The overall effect of these conditionals is spurious triggers which do not cause any class change can exist within the models.

Similar to previous rounds, different Adversarial Training approaches were used:

  1. None (no adversarial training was utilized)

  2. Projected Gradient Descent (PGD)

  3. Fast is Better than Free (FBF):

      title={Fast is better than free: Revisiting adversarial training},
      author={Wong, Eric and Rice, Leslie and Kolter, J Zico},
      journal={arXiv preprint arXiv:2001.03994},

NLP models have discrete inputs, therefore one cannot compute a gradient with respect to the model input, to estimate the worst possible perturbation for a given set of model weights. Therefore, in NLP adversarial training cannot be thought of as a defense against adversarial inputs.

Adversarial training is performed by perturbing the embedding vector before it is used by downstream tasks. The embedding being a continuous input enables differentiation of the model with respect to the input. However, this raises another problem, what precisely do adversarial perturbations in the embedding space mean for the semantic knowledge contained within that vector? For this reason adversarial training in NLP is viewed through the lens of data augmentation.

For Round 5 there are three options for adversarial training: {None, PGD, FBF}. Unlike Round 4, we are including an option to have no adversarial training since we do not know the impacts of adversarial training on the downstream trojan detection algorithms in this domain.

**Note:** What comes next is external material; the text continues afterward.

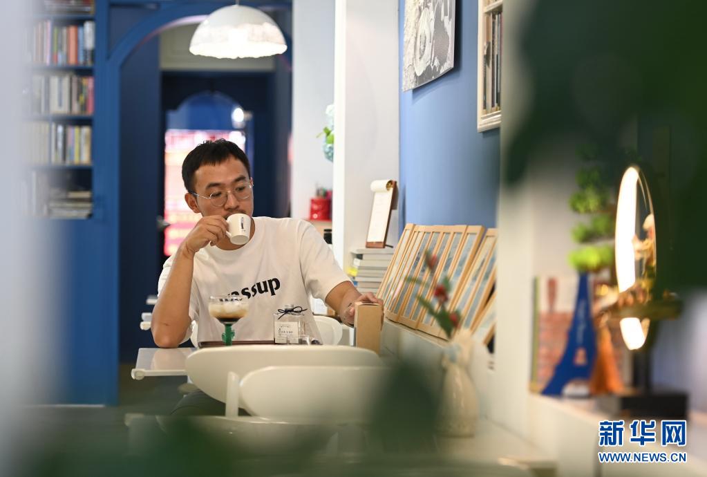 7月8日,咖啡爱好者在泉州市鲤城区金鱼巷内的“德兰·书”咖啡文化展示中心品尝咖啡。新华社记者 林善传 摄

Within PGD there are 3 parameters:
  • ratio = {0.1, 0.3}

  • eps = {0.01, 0.02, 0.05}

  • iterations = {1, 3, 7}

Within FPF there are 2 parameters:
  • ratio = {0.1, 0.3}

  • eps = {0.01, 0.02, 0.05}

During adversarial training the input sentence is converted into tokens, and then passed through the embedding network to produce the embedding vector. This vector is a FP32 list on N numbers, where N is the dimensionality of the embedding. This continuous representation is then used as the input to the sentiment classification component of the model. Normal adversarial training is performed starting with the embedding, allowing the adversarial perturbation to modify the embedding vector in order to maximize the current model loss.

All of these factors are recorded (when applicable) within the METADATA.csv file included with each dataset.

Data Structure

The archive contains a set of folders named id-<number>. Each folder contains the trained AI model file in PyTorch format name “”, the ground truth of whether the model was poisoned ground_truth.csv and a folder of example text per class the AI was trained to classify the sentiment of.

The trained AI models expect NTE dimension inputs. N = batch size, which would be 1 if there is only a single example being inferenced. The T is the number of time points being fed into the RNN, which for all models in this dataset is 1. The E dimensionality is the number length of the embedding. For BERT this value is 768 elements. Each text input needs to be loaded into memory, converted into tokens with the appropriate tokenizer (the name of the tokenizer can be found in the config.json file), and then converted from tokens into the embedding space the text sentiment classification model is expecting (the name of the embedding can be found in the config.json file). See for how to load and inference example text.

See for additional information about the TrojAI datasets.

File List:

  • Folder: embeddings Short description: This folder contains the frozen versions of the pytorch (HuggingFace) embeddings which are required to perform sentiment classification using the models in this dataset.

  • Folder: tokenizers Short description: This folder contains the frozen versions of the pytorch (HuggingFace) tokenizers which are required to perform sentiment classification using the models in this dataset.

  • Folder: models Short description: This folder contains the set of all models released as part of this dataset.

    • Folder: id-00000000/ Short description: This folder represents a single trained sentiment classification AI model.

      1. Folder: clean_example_data/ Short description: This folder contains a set of 20 examples text sequences taken from the training dataset used to build this model.

      2. Folder: poisoned_example_data/ Short description: If it exists (only applies to poisoned models), this folder contains a set of 20 example text sequences taken from the training dataset. Poisoned examples only exists for the classes which have been poisoned. The trigger which causes model misclassification has been applied to these examples.

      3. File: config.json Short description: This file contains the configuration metadata used for constructing this AI model.

      4. File: clean-example-accuracy.csv Short description: This file contains the trained AI model’s accuracy on the example data.

      5. File: clean-example-logits.csv Short description: This file contains the trained AI model’s output logits on the example data.

      6. File: clean-example-cls-embedding.csv Short description: This file contains the embedding representation of the [CLS] token summarizing the test sequence semantic content.

      7. File: poisoned-example-accuracy.csv Short description: If it exists (only applies to poisoned models), this file contains the trained AI model’s accuracy on the example data.

      8. File: poisoned-example-logits.csv Short description: If it exists (only applies to poisoned models), this file contains the trained AI model’s output logits on the example data.

      9. File: ground_truth.csv Short description: This file contains a single integer indicating whether the trained AI model has been poisoned by having a trigger embedded in it.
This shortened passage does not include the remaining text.